Start of Records supplied

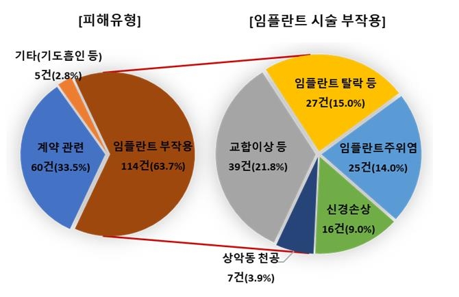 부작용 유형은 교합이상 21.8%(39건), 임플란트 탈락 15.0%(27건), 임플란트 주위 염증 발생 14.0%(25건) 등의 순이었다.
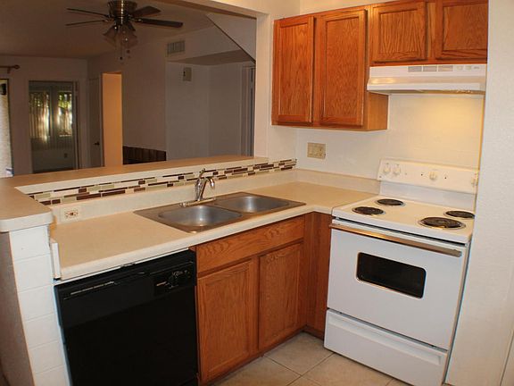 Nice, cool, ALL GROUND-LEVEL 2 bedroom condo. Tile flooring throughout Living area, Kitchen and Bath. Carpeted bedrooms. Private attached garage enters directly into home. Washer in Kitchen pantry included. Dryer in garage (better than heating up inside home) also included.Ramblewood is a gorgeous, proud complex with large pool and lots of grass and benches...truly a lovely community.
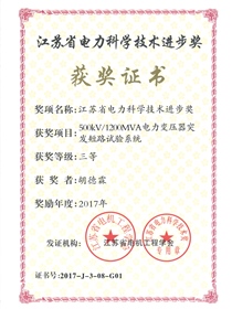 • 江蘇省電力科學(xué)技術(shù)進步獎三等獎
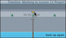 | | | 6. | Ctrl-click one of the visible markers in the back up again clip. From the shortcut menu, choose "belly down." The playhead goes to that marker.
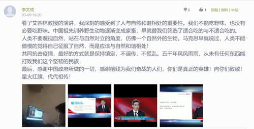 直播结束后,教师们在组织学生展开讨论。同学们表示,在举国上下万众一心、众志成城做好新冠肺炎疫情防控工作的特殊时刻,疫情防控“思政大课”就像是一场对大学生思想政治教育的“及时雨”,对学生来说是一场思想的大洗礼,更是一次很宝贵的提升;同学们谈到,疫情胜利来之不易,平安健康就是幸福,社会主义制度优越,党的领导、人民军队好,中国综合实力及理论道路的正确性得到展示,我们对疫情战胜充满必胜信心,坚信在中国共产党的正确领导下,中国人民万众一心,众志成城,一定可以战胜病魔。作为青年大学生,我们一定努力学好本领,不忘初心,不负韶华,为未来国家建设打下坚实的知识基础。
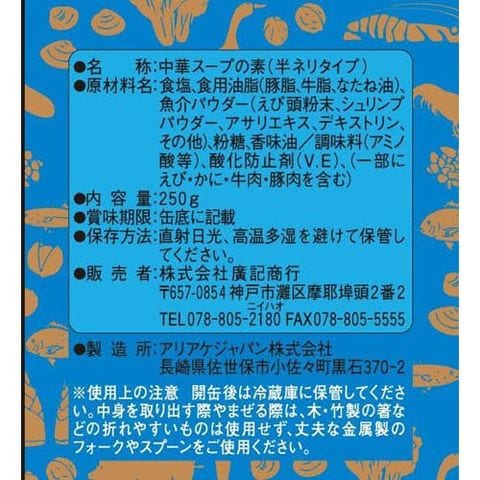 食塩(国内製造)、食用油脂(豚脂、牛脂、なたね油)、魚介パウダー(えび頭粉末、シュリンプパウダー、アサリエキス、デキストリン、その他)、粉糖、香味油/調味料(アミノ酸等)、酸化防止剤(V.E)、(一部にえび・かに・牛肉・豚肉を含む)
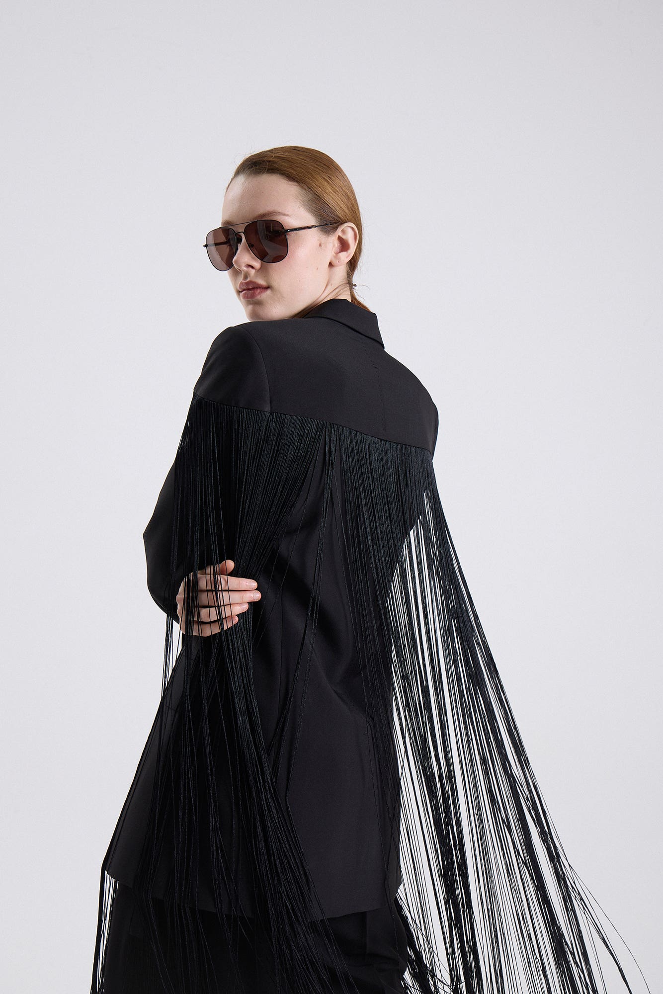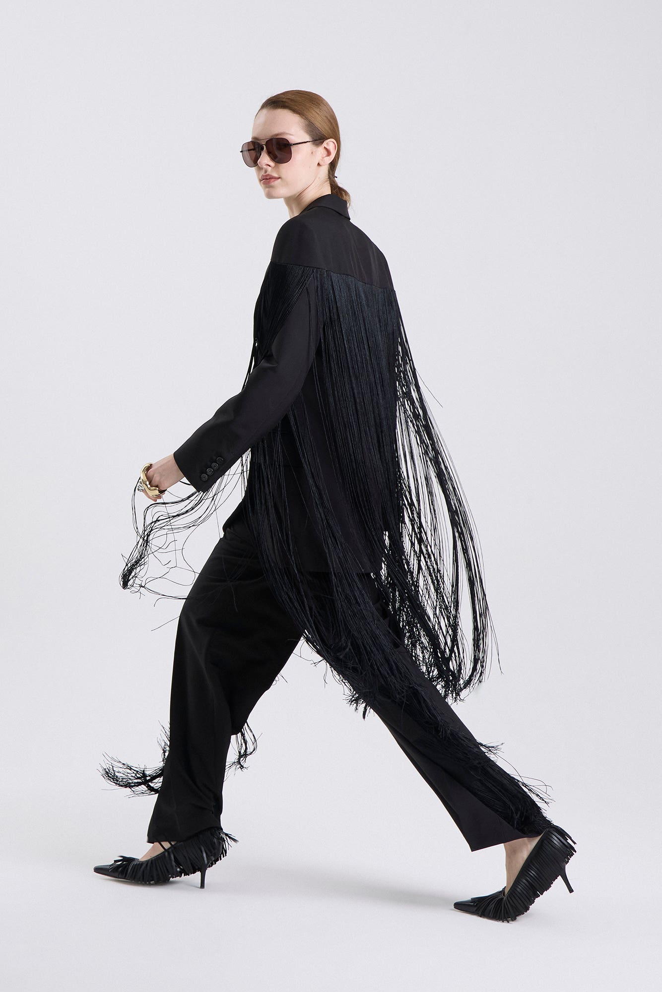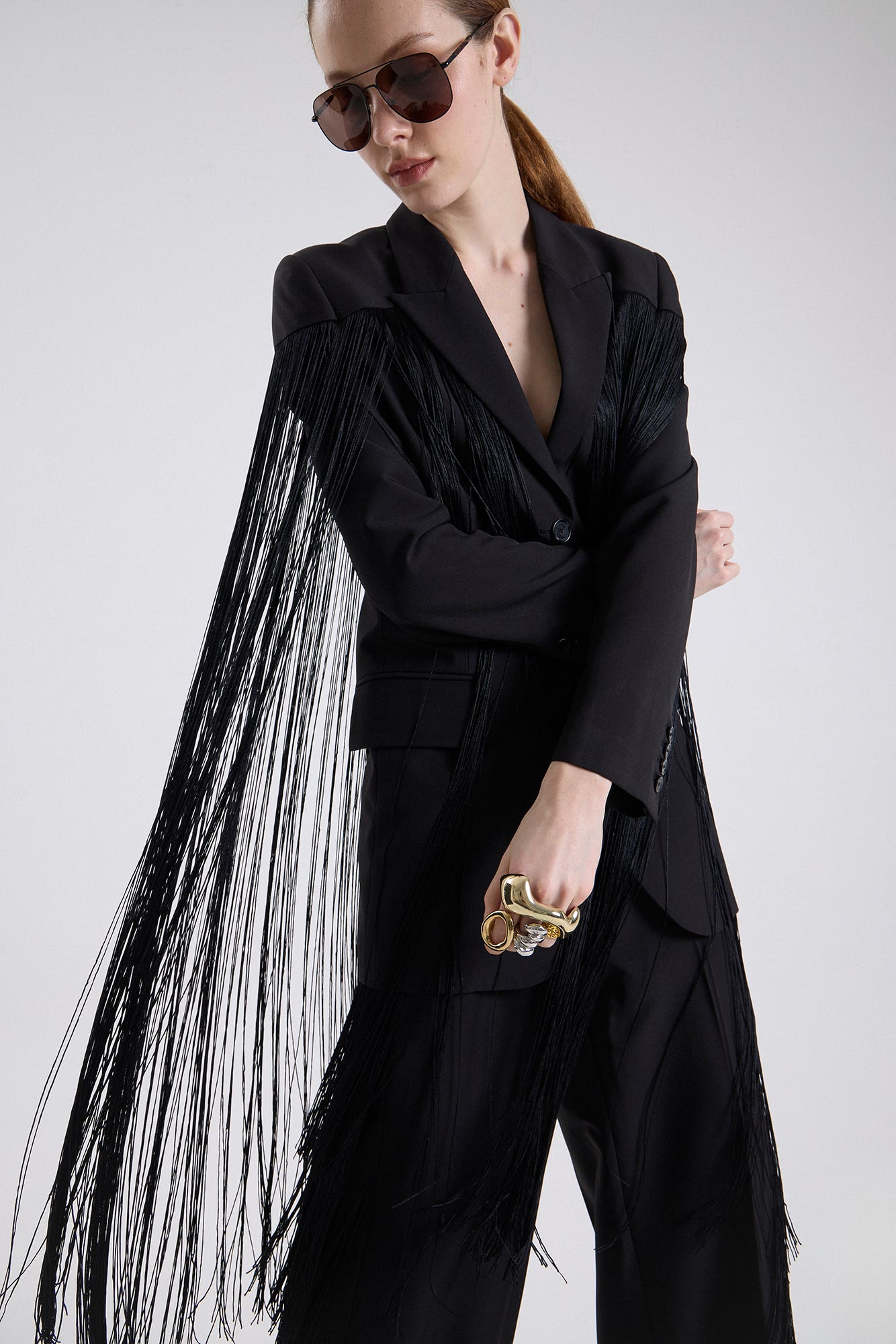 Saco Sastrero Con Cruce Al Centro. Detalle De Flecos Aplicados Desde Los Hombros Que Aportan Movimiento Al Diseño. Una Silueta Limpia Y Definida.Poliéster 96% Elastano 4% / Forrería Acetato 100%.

End of Records supplied
Start of Records supplied

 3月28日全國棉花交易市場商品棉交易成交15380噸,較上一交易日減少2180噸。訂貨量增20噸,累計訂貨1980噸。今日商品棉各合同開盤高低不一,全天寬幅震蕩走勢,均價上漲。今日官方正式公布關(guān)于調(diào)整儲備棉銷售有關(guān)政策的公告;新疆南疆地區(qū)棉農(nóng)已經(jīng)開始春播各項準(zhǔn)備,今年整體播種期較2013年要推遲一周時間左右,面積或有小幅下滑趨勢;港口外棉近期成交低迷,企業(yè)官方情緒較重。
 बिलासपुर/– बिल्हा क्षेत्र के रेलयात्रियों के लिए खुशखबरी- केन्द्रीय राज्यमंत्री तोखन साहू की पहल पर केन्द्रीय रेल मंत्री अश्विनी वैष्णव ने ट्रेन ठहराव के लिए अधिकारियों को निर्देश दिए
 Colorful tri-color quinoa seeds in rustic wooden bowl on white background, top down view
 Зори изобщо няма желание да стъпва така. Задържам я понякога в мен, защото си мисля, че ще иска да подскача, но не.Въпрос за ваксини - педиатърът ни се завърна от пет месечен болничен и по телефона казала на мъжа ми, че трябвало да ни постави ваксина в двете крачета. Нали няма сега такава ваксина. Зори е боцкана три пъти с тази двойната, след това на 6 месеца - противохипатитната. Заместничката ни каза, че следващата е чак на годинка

End of Records supplied
Start of Records supplied

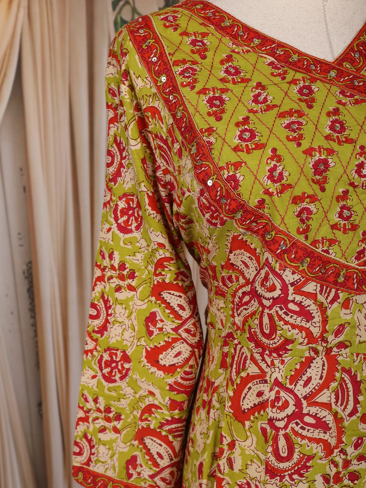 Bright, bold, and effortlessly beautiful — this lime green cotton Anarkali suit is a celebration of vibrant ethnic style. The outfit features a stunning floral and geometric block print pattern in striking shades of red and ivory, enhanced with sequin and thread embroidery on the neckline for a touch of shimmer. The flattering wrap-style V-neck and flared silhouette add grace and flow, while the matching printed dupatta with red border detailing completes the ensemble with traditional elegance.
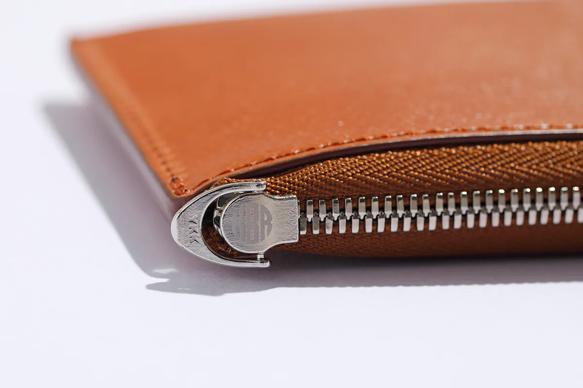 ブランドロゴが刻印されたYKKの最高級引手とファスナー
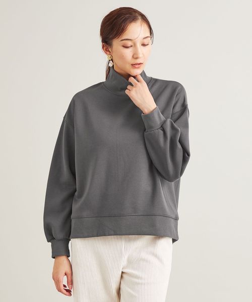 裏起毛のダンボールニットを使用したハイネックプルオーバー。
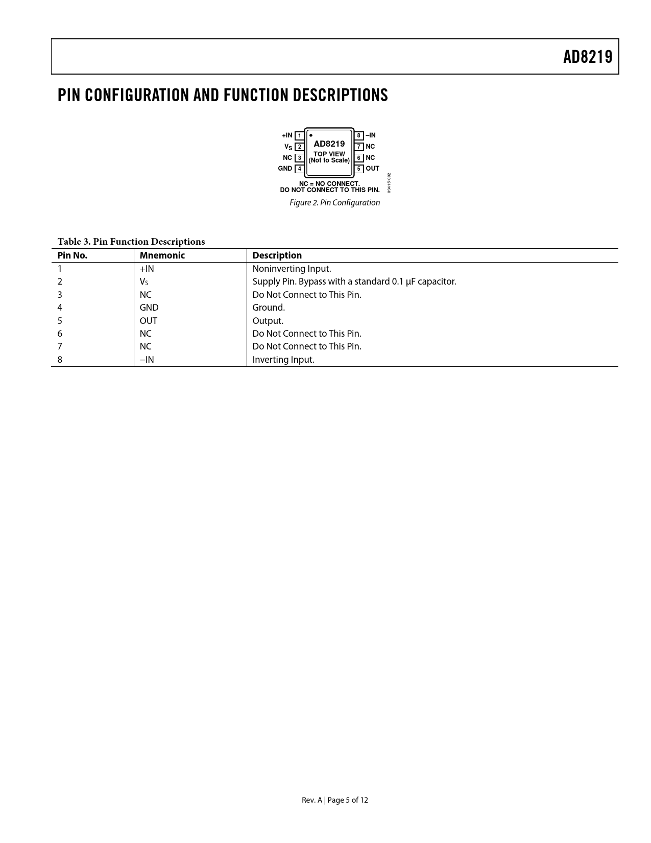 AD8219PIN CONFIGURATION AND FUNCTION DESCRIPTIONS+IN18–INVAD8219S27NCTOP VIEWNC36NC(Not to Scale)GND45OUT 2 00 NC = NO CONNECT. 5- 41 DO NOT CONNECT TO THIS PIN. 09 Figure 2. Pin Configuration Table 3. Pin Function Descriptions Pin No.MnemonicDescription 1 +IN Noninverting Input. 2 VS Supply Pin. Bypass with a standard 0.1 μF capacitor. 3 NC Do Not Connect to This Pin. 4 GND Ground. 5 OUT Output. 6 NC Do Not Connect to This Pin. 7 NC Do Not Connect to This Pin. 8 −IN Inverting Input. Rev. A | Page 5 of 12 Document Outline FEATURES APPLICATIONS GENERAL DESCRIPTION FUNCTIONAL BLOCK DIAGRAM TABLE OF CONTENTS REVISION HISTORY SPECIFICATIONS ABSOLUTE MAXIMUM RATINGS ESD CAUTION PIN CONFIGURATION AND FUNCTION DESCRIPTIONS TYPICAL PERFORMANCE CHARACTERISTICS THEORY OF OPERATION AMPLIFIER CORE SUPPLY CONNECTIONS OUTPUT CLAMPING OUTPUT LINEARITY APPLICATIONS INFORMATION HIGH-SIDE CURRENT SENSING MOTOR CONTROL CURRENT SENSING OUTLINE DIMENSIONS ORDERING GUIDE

End of Records supplied

▸ **Exercise brief**:
Excluding any pictures, print exactly the lines of the listing above from the line with "Nice, cool, ALL" to the line with "to that marker.", both ends included.

▸ **Answer to the problem**:
 Nice, cool, ALL GROUND-LEVEL 2 bedroom condo. Tile flooring throughout Living area, Kitchen and Bath. Carpeted bedrooms. Private attached garage enters directly into home. Washer in Kitchen pantry included. Dryer in garage (better than heating up inside home) also included.Ramblewood is a gorgeous, proud complex with large pool and lots of grass and benches...truly a lovely community.
 • 江蘇省電力科學(xué)技術(shù)進步獎三等獎
 | | | 6. | Ctrl-click one of the visible markers in the back up again clip. From the shortcut menu, choose "belly down." The playhead goes to that marker.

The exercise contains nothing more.